Darth Vader dominates Ralph McQuarrie‘s painting. Vader has the drop on Luke and Leia, standing atop a pile of rubble between stone two columns with a misty forest in the background. Something bright and red and glowing is in the middle of the pile, commanding a viewer’s attention almost as much as Vader does. What’s happening? How did they get to where they are? I still find the cover and the title almost as irresistible as I did when I first bought the paperback way back in the days before the Empire struck back.
A copy recently made its way to me, a Del Rey paperback with a cover price of $1.95 and an ad in the back to mail-order books by Robert A. Heinlein, 50¢ to cover postage and handling, please allow four weeks for delivery. I hadn’t read Splinter of the Mind’s Eye in at least thirty years, more likely forty. Had the Suck Fairy paid a visit? I mentioned it on social media, and replies ran the gamut — liked it, couldn’t get into it, anticipation followed by disappointment, loved it (but how did Luke learn to swim while growing up on Tatooine?), it always sucked — but nobody said they had read it recently.
So I dove in. It didn’t take long to read: the book is a svelte 200 pages, about half the length of a the William Gibson I am currently reading, and much shorter than what’s usually marketed as a novel these days. The story is linear, and this review is full of forty-year-old spoilers. Luke and Leia make a forced landing on the swampy planet Mimban. They make their way toward a landing beacon that turns out to be located in a secret Imperial energy-mining (don’t ask) settlement. Their efforts to blend in and find a way to sneak off-planet fail, but not before they make an ally of Halla, an older human woman living on the fringes of the settlement. She’s got some skill with the Force and is looking for a crystal that greatly magnifies a Force-sensitive person’s abilities. Luke and Leia fail to blend in so badly that they get into a fight with some miners and wind up captured by the local garrison. I am sure that Luke’s use of a lightsaber did nothing to hint that he might not be the newly transferred miner he claims to be. (The book badly needs Han Solo’s anarchic energy. There’s no one to blast the communication desk and say “Boring conversation anyway.”)

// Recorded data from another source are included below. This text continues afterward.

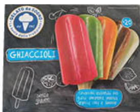
GELATO DA SOGNO GHIACCIOLI X 10 750 GR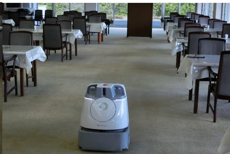
◇全テーブルにビニールシートを設置し、お客様使用後毎に 消毒 しております。

空調機に安定化二酸化塩素剤を設置による 館内空間除菌 及び、館内の換気も徹底しております。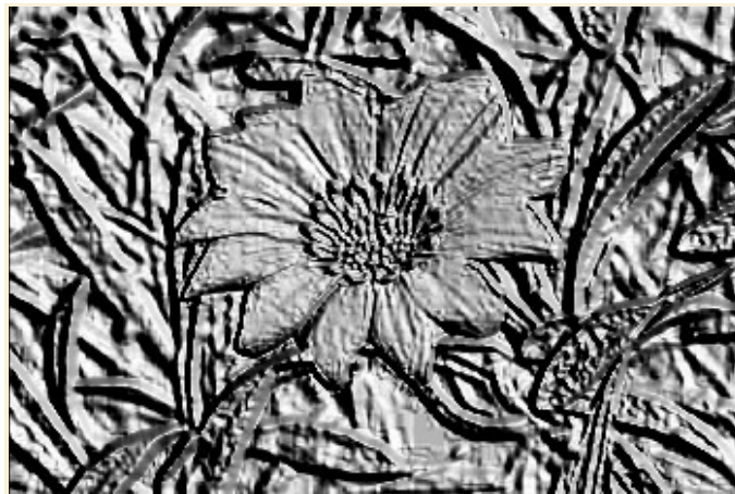
Filtros --> Distorsiones --> Repujado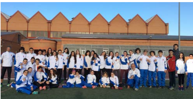
Componentes Escuela de Atletismo (2017/18)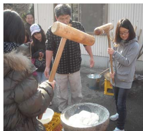
▲餅つきで体もあつたまるね！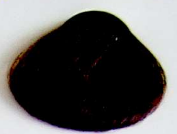
5 Castaño Claro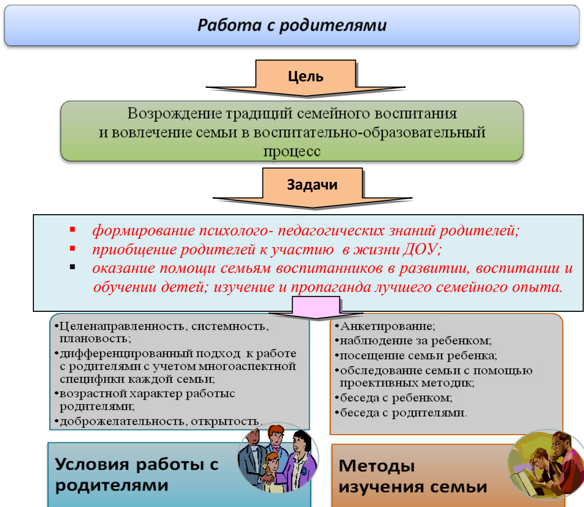
Рис. Модель работы с родителями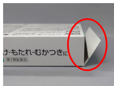
糊付けされていない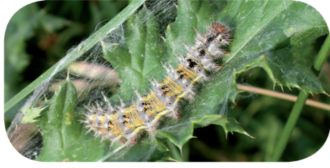
Distelfalter ( Vanessa cardui ) auf Distel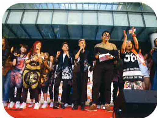
今年5月に行った「アジアミュージックフェスティバル」を開催。アジア各国の有名ミュージシャンが浜松に集合した。

いつも会計、税務を中心に丁寧なご指導に感謝いたします。これからも弊社がさらに成長していくためには、「戦略的会計」をできるプロ人材が弊社内にも必要になってきます。そういう人材の育成のためにもお力をお貸しください。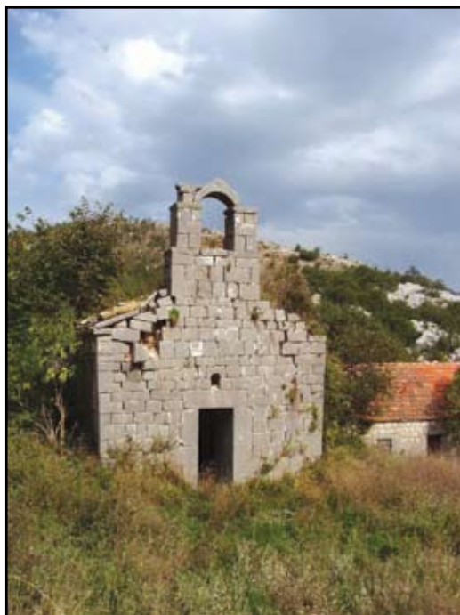
Сл. 4 Поглед на цркву са западне стране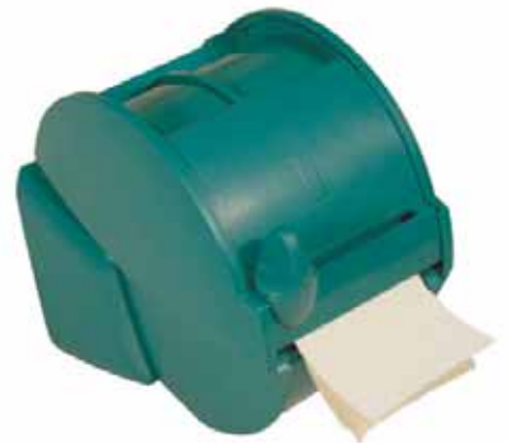
Leikkurilla varustettu sideautomaatti. Saatavana ihonvärisillä tai sinisillä siteillä.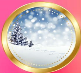
WINTER ธันวาคม-กุมภาพันธ์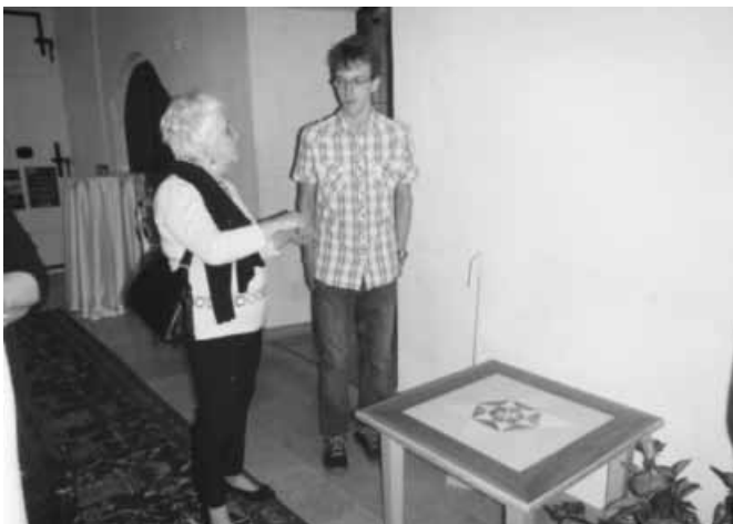
Ausstellungseröffnung der Lehrwerkstätten des AGS beim Hofwirt

„Handwerk hat goldenen Boden“ am Abteigymnasium Seckau. Das Motto „Ora et Labora“ hat für das Gymnasium der Benediktiner eine besondere Bedeutung. So arbeiten die Schüler_Innen der Oberstufe des Abteigymnasiums neben ihrer Vorbereitung zur Matura auch in den Lehrwerkstätten Fotografie, Goldschmiede und Tischlerei. Am Freitag, dem 23. Mai 2014, zeigten die Maturant_Innen erstmals ihre Werkstücke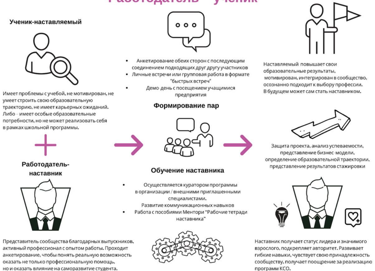
Рисунок 4. Графическое представление реализации программы наставничества по форме «работодатель – ученик».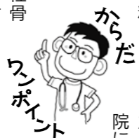
からだのポイント

高齢者の骨粗しょう性骨折の定型的部位は①足の付け根②背骨③手首④腕の付け根です。この中でも①足の付け根と②背骨は特に要注意で、日常生活に重大な支障を来す可能性があります。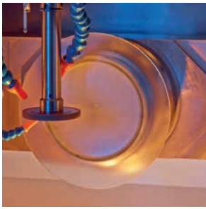
Verarbeitung von Durchmessern bis zu 500 mm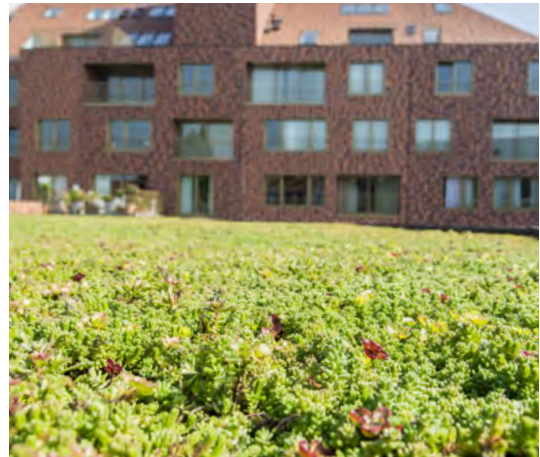
Begroeiing afhankelijk van seizoen: foto genomen eind september.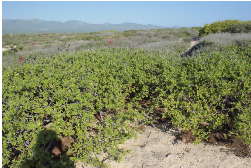
Ciruelo cimarrón ( Cyrtocarpa edulis )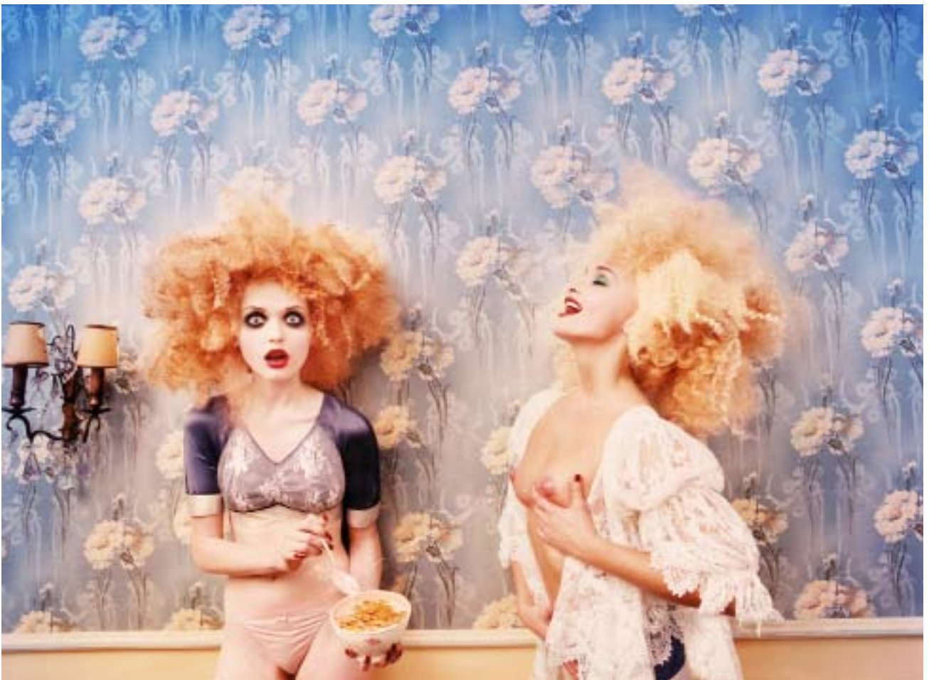
Milk Maidens, série Excess, 1996 © David LaChapelle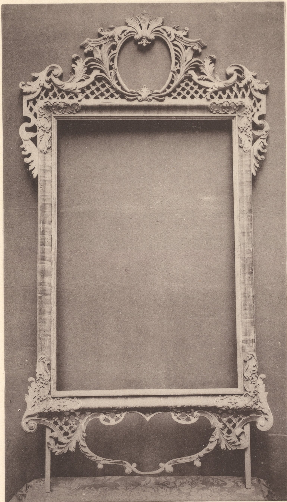
Geschnitzter barocker Rahmen.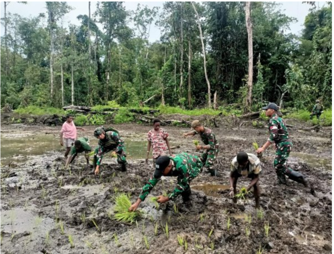
Foto: Satgas Pamtas Mobile RI-PNG Yonif 503/Mayangkara menggagas program ketahanan pangan yang melibatkan langsung warga Kampung Mumugu, Distrik Krepkuri, Kabupaten Nduga, Selasa (07/01/2025).

NDUGA- Dalam upaya membangun kesejahteraan masyarakat di wilayah penugasan Papua Pegunungan, Satgas Pamtas Mobile RI-PNG Yonif 503/Mayangkara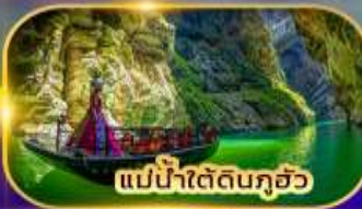
แม่น้ำใต้ดินกุ้อว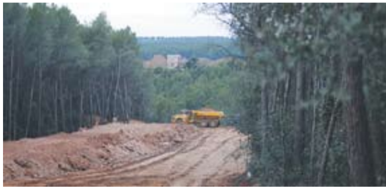
Les obres als terrenys per on passarà el gasoducte.

Luke and Leia escape jail with some help from Halla. Unfortunately for them, the local commander has sent a picture of Leia up the chain of command, and higher powers are beginning to take an interest. The price of Halla’s help is that they have to help her find the crystal she’s been seeking for so long. Will that help them get off-planet? (Hush, this isn’t the kind of book it pays to ask many questions about.) In the swamps, various things try to eat, maul, or smash them. The group, which also includes C3PO and R2-D2 as well as two furry aliens that aren’t Wookiees but might as well be, winds up separated. Luke and Leia find themselves in a tunnel complex, where they fight off some of Mimban’s resident humanoids. Halla and company are less fortunate, although they are above ground, and find themselves captured by the same humanoids, the Coway. Luke defeats a Coway champion in single combat sans lightsaber, with some unexpected help from the Force, and suddenly no one is bickering about who killed or captured who. That’s pretty useful when stormtroopers show up at an inconvenient time.

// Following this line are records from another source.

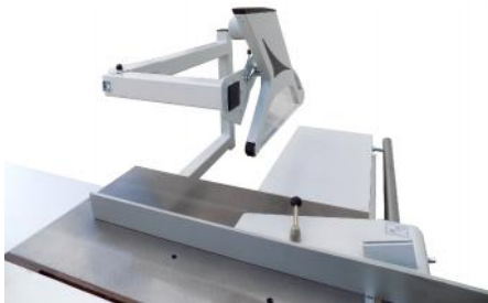
Bras support de cape articulé permettant l'usinage de pièces encombrantes en hauteur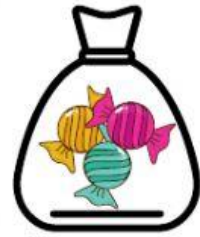
Chica 3 dulces

Completa la tabla. Anota el número de dulces que tiene en total 1, 2, 3... hasta 10 bolsas grandes, medianas y chicas.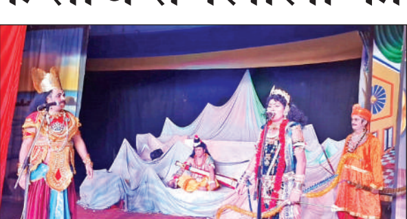
नारद मोह की लीला का मंचन करते कलाकार।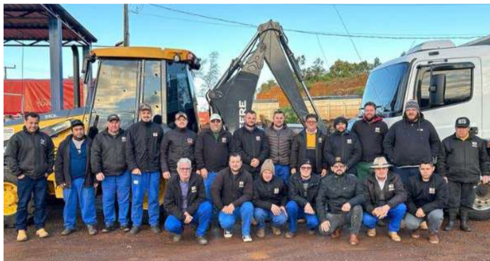
Integrantes da Secretaria de Obras vão auxiliar no que for necessário durante uma semana em Relvado

Na quarta-feira (29), as autoridades municipais e representantes das entidades parceiras se reuniram no Centro de Cultura de Maravilha, para discutir quais os próximos passos e medidas que serão tomadas em prol do município gaúcho.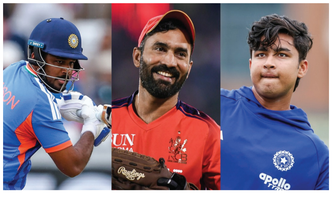
તેથી અનુભવી ખેલાડીને અત્યારે બેક કરવો જરૂરી છે.' કાર્તિકે વેભવના ભરપૂર વખાણ કર્યા વેભવના ટેલેન્ટના વખાણ કરતા કાર્તિકે ઉમેર્યું કે, 'વેભવ ખૂબ જ પ્રતિભાશાળી ખેલાડી છે અને ભવિષ્યમાં ઈન્ટરનેશનલ ક્રિકેટમાં સારું રમશે. પરંતુ માત્ર ટેલેન્ટના દમ પર ટીમમાં જગ્યા ન મળે, તેણે પોતાના પ્રદર્શનથી આ સ્થાન મેળવવું પડશે.' ભારતનો ટોસનો નિર્ણય યોગ્ય મેચમાં વાદળછાયું વાતાવરણ હોવા છતાં ભારતે પહેલા બેટિંગ પસંદ કરી હતી. કાર્તિકે આ નિર્ણયને યોગ્ય ગણાવ્યો હતો. તેના મતે, તાજેતરમાં આયર્લેન્ડ સામે મળેલી 0-2ની હારના કારણે ટીમે આ રણનીતિ અપનાવી હતી. હવે 4 જુલાઈએ રમાયેલી બીજી T20માં સેમસનને ફરી તક મળે છે કે વેભવને, તેના પર સોની નજર રહેશે.

લંડન ઈંગ્લેન્ડ સામેની પ્રથમ T20 મેચમાં સંજૂ સેમસન ફરી સસ્તમાં આઉટ થતાં તેની નબળી કોર્મ પર સવાલો ઊભા થયા છે. તે સતત ત્રણ ઈનિંગ્સમાં નિષ્ફળ રહ્યો હોવાથી, હવે ઓપનર સંજૂ સેમસન ફક્ત 1 રન અને ઈશાન કિશન 0 રન બનાવીને જલ્દી આઉટ થઈ ગયા હતા. જોકે તે પછી અભિષેક શર્મા અને કેપ્ટન શ્રેયસ અચર્યે ધમાકેદાર બેટિંગ કરીને ભારતીય ઈનિંગ્સને સંભાળી હતી. અભિષેક શર્માએ ઈંગ્લેન્ડના બોલરોની પોલાઈ કરતા માત્ર 24 બોલમાં 59 રન ફટકારી દીધા હતા. જ્યારે શ્રેયસ અચર્યે 47 બોલમાં 68 રનનું યોગદાન આપ્યું હતું. અંતમાં શિવમ દુબેએ પણ આક્રમક બેટિંગ કરીને 21 બોલમાં અણનમ 42 રન બનાવ્યા હતા.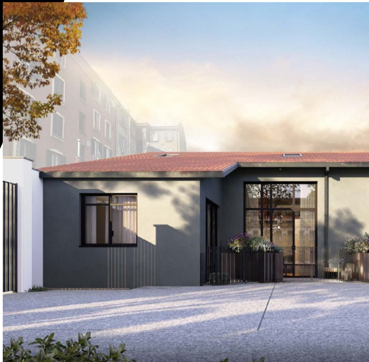
Immagine a scopo puramente illustrativo This image is for illustrative purposes only

In Via dell'Aprica 8, the heart of the Farini district, is undergoing the construction of a unique loft that is characterized by a modern and industrial style. The layout of the residence recalls that of a terraced house, offering independence and comfort in a lively and constantly evolving urban context.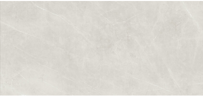
TESSINO SMOKE NATURAL XL2612L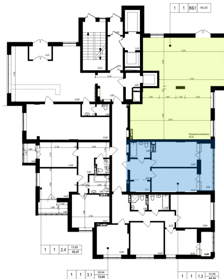
Схема розміщення на поверсі

«Повна вартість об'єкту» - сума рівна «Вартість 1 кв. м» помножена на «Уточнена загальна площа квартири».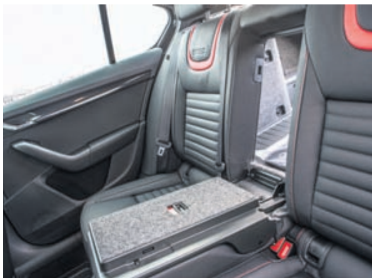
Rauðstagað svart leður ræður ríkjum inni í bílnum. Aftur í er rýmið stórbrotið.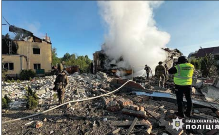
عمال الإطفاء يحاولون إخماد حرائق المباني التي دمرها قصف في خاركيف، شرق أوكرانيا. (ا ب)

من صباح الجمعة، إن وحدات مضادة للطائرات اعترضت طائرة مسيرة جنوبي العاصمة الروسية دون وقوع إصابات أو أضرار بسبب الحطام المتساقط. وكتب سويانين على تطبيق تلغرام للرسائل أنه تم إسقاط الطائرة المسيرة، التي كانت متجهة إلى موسكو، في منطقة بودولسك الواقعة إلى الجنوب مباشرة من العاصمة. كما قال حاكم منطقة بريانسك المتاخمة لأوكرانيا إن الوحدات المضادة للطائرات أسقطت ثلاث طائرات مسيرة أوكرانية الليلة الماضية دون وقوع أضرار أو إصابات.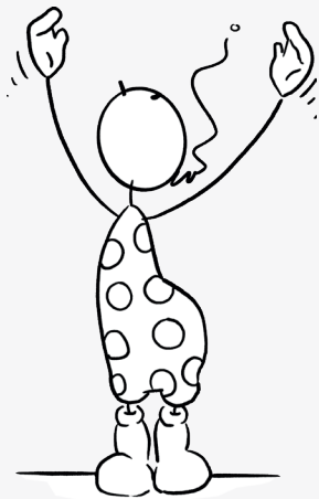
Strecke dich groß und weit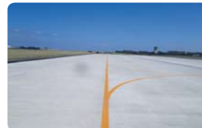
徳島 (23 震災関連) 駐機場等整備工事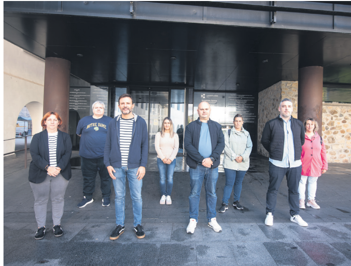
Gobernu taldeko zinegotzietako zortzi, udaletxe atarian. TXINTXARRI

Aurreko legealdietan udal gobernuarena zen programazioaren "zati handi bat" bereganatzea ere leporatu diote koalizio subiranistari. "Orain, kritika batzuk egiten ditu ezer zehatzik ekarri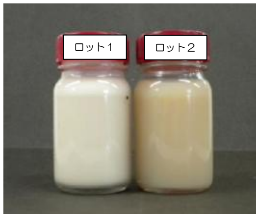
カルナバワックスロットによる外観の差

They shoot about as well as stormtroopers ever do, and when that’s done Luke, Leia and company decide they have to get to the crystal before Vader does. Luke senses that he is on Mimban, and fears what he could do with the crystal’s Force-multiplying traits. They find the temple, which is obviously dedicated to Cthulhu, though the Mimban god is called Pomojema. Alan Dean Foster has crossed the streams, and that’s never good. Anyway, they have arrived ahead of Vader, but only just. Fighting ensues. Vader monologues some. Leia picks up the lightsaber and gives a good account of herself when Luke is in a particularly bad spot. Luke recovers, and in further fighting he cuts of Vader’s right arm. Both are nearly spent, which offers the barest of justification for Vader not noticing that he is about to step into the ancient temple’s sacrificial well of unplumbed depths. This he does, plummeting to an uncertain fate that Luke’s Force sensitivity tells him isn’t death.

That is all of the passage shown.